Repeat series of injections:This systematic review on the efficacy and safety of repeat courses of hyaluronan therapy in patients with OA of the knee concluded that repeat courses of the hyaluronans are safe and effective in the treatment of pain associated with OA of the knee. (Pagnano, 2005) This study concluded that repeated cycles of intra-articular sodium hyaluronate treatment was efficacious during a 54-month follow-up period in continuing to delay time to TKR in patients with knee osteoarthritis. (Turajane, 2009) This RCT on effectiveness and safety of repeat courses of hylan G-F 20 in patients with knee osteoarthritis provided support for repeat treatments. (Raynauld, 2005) On the other hand, this lower quality study recommended no more than 3 series of injections over a 5-year period, because effectiveness may decline, this is not a cure for arthritis, but only provides comfort and functional improvement to temporarily avoid knee replacement. (Spitzer, 2008) Overall, the scientific evidence for use of these is weak, but there may be continued improvement in some cases that otherwise would have resulted in TKA. Considering the cost of TKA and risk of complications, it may make sense to repeat a series of injections. While it is hard to predict which patients will respond based upon imaging or clinical indicators, those who got relief and then had recurrence more than six months later are likely to do well again.

Criteria for Hyaluronic acid or Hylan:

A series of three to five intra-articular injections of Hyaluronic acid (or just three injections of Hylan, or one of Synvisc-One hylan) in the target knee with an interval of one week between injections. (Huskin, 2008) (Zietz, 2008) (Wobig, 1999) (Raman, 2008)

Indicated for patients who:

  • Experience significantly symptomatic osteoarthritis but have not responded adequately to standard nonpharmacologic and pharmacologic treatments or are intolerant of these therapies (e.g., gastrointestinal problems related to anti-inflammatory medications).
  • Are not candidates for total knee replacement or who have failed previous knee surgery for their arthritis, such as arthroscopic debridement.
  • Younger patients wanting to delay total knee replacement. (Wen, 2000)
  • Repeat series of injections: If documented significant improvement in symptoms for 6 months or more, and symptoms recur, may be reasonable to do another series. No maximum established by high quality scientific evidence; see Repeat series of injections above.
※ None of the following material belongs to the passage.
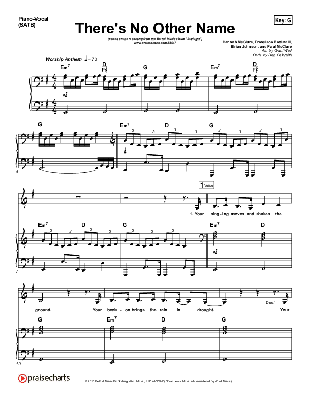 Download the sheet music for There's No Other Name by Bethel Music / Francesca Battistelli, from the album Starlight. This song was arranged by Grant Wall / Daniel Galbraith in the key of A, Ab, G.

Dr. M’s testimony showed that the Claimant has significant osteoarthritis/post-traumatic arthritis in her right knee that will eventually lead to a TKA surgery when she is older. He opined that the Claimant meets the ODG criteria to have the Synvisc injection performed since she has significantly symptomatic arthritis in the knee which does not respond to over-the-counter medications, and because she is too young now to have the TKA surgery performed. The two Carrier URA denials for this procedure were based on the lack of documentation of post-operative rehabilitation following the Claimant’s October 28, 2010 surgery. In response thereto, Dr. M testified at the hearing that the Claimant did undergo post-operative physical therapy that began on October 29, 2010 and continued for four weeks, but by three months post-operatively she was suffering from right knee pain. He also testified, in response to the IRO denial, that the Claimant’s prior Synvisc injections were successful for several months, although they only provide temporary relief.
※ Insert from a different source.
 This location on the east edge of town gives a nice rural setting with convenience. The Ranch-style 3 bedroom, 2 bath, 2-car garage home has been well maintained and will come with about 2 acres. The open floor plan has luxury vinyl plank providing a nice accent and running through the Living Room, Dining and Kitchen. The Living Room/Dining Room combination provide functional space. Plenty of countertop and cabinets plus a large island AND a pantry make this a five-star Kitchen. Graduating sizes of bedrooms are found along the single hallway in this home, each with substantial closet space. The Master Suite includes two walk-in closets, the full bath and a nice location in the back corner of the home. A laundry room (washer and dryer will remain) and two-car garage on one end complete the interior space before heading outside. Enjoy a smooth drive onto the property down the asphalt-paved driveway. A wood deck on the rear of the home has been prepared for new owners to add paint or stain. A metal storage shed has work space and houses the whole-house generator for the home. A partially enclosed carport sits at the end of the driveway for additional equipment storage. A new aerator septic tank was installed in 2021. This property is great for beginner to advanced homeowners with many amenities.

The medical records in evidence document the performance of the prior injections upon the Claimant’s right knee, but the records have very little information reflecting their effect upon the Claimant’s symptoms. A record dated September 18, 2007 from her treating doctor at the time, Dr. G, D.C., states that the Claimant had undergone two injections and reported “a little relief” from them. Another record dated December 5, 2007 from Dr. K, who is an orthopedic surgeon who was affiliated with the same facility as Dr. R, noted that the Synvisc injections to the Claimant’s right knee had “helped somewhat…”. After a review of the entire record, it is determined that the medical evidence admitted into the record does not establish that the series of Synvisc injections to the Claimant’s right knee in 2007 provided significant improvement in her symptoms for at least six months.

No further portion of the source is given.